Final answer:
The student's question involves calculating the moment of inertia for different configurations of disks and marbles, using equations and theorems from physics, specifically the parallel-axis theorem for calculating moments of inertia not centered on the axis of rotation.
Step-by-step explanation:
The question involves the concept of moment of inertia, which is a measure of an object's resistance to changes in its rotational motion. In physics, the moment of inertia depends on the mass distribution of an object relative to the axis of rotation. Calculations often involve summing the products of mass elements and the square of their distance from the axis of rotation. For more complex shapes and mass distributions, formulas and theorems such as the parallel-axis theorem are used.

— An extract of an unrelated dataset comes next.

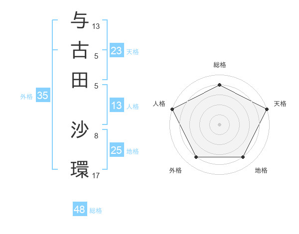 与古田 沙環さんを姓名の画数から五運を鑑定
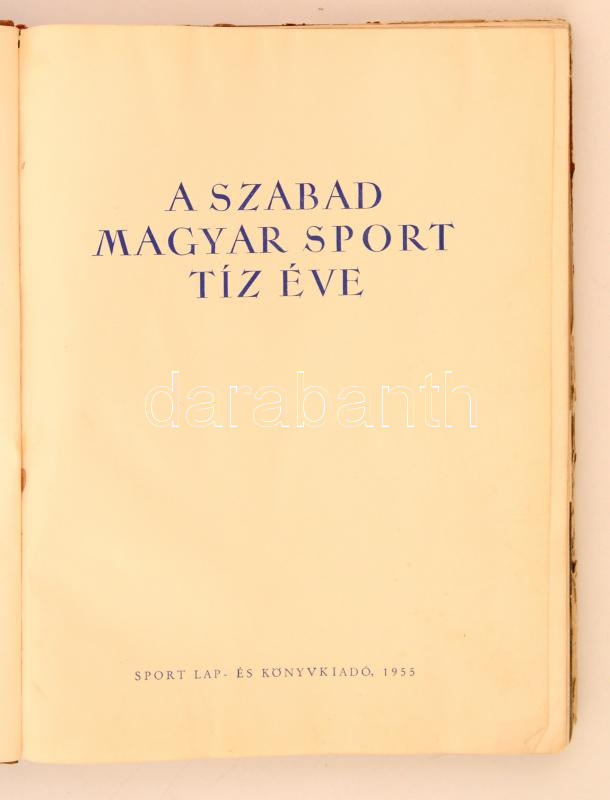A szabad magyar sport tíz éve. Bp., 1955, Sport Lap- és Könyvkiadó. Ki... https://www.darabanth.com/de/277-Fernauktion/277.0/Bucher/Bucher-Sonstige-Raritaten~45/A-szabad-magyar-sport-tiz-eve-Bp-1955-Sport-Lap-es-Konyvkiado-Kisse-megviselt-felvaszo~II1420265

The question provided gives scenarios about disks with marbles and rods, and their respective moments of inertia. The moment of inertia for a solid disk can be calculated as MR² when rotating about an axis through its center, but alterations have to be made if the axis of rotation is not through the center. The parallel-axis theorem is used in such cases, which states that the moment of inertia about a parallel axis is equal to the moment of inertia about the center of mass plus the product of the mass and the square of the distance between the two axes.
For the comparison between systems A and B with different sized disks, the moment of inertia for system A consists of two larger disks with radius 2R and for system B involves one larger disk and multiple smaller disks with radius R. The total moment of inertia for system B will equal that of system A when enough smaller disks are added such that the sum of their individual moments of inertia equals the moment of inertia of the missing larger disk. So, it becomes a problem of solving an equation for the number of smaller disks needed for system B to have the same moment of inertia as system A.